My wife and I once left Gatlinburg after a week there and our tire blew out on the way out of town. It was a Sunday morning. Literally our only option to get it replaced that day was a Walmart location 15 miles away. So we had to wait for AAA for an hour and a half to tell us we were stuck using a donut to get there.

There is a trolley system but it is anemic.


Minor observation: you were in east TN, so chances are if you'd stood by your car with your thumb out, the next car would have stopped and happily offered you a ride to Walmart. (Said as someone who's hauled more than a few random people where they needed to get to in east TN)

Part of Tennessee's charm is how far you can get with a smile and "Gosh, I hate to bother you, but could you..."


Isn't that standard though? If I get a flat, I hop out and replace it with a spare. Then I drive to a shop to have that flat tire either patched or replaced entirely.

I know some new models don't include spares, but they often have run flats and temp sealant kits included.

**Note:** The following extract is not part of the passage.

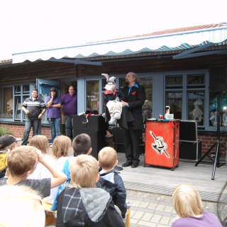 Ich zeige eine Mischung aus Bauchreden und Zaubern, wobei die Kinder aktiv mit eingebunden werden. Es gibt viel zu staunen aber auch das Lachen hat einen hohen Stellenwert, vor allem, wenn die Kinder sehen, wie mein frecher Vogel Pedro und mein Hase Horst Schabernack mit mir treiben.
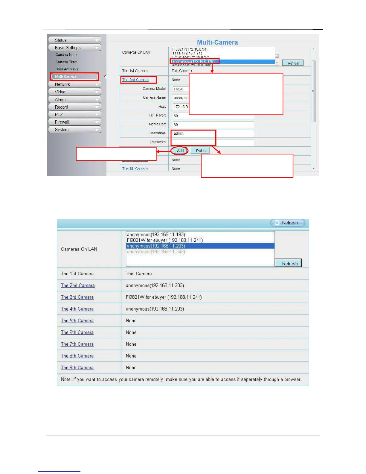 password of the 2nd camera.

What are the other options?


Ya, changing a flat tire was once part of learning to drive. Also, manual transmissions, jumpstarting, swapping a fuse, and basic low-speed maneuvers like rocking out of snowbanks or crossing large potholes. All that is now gone. Most care owners dont know what a tow eye is, let alone where to find one. It is so bad that there are now university-level "adulting" courses for millenials. First up: changing a tire.

https://www.cbc.ca/radio/thecurrent/adulting-101-life-skills...


We know how to change a damn tire. We just couldn’t easily buy one because Gatlinburg didn’t have any garages open on Sunday morning.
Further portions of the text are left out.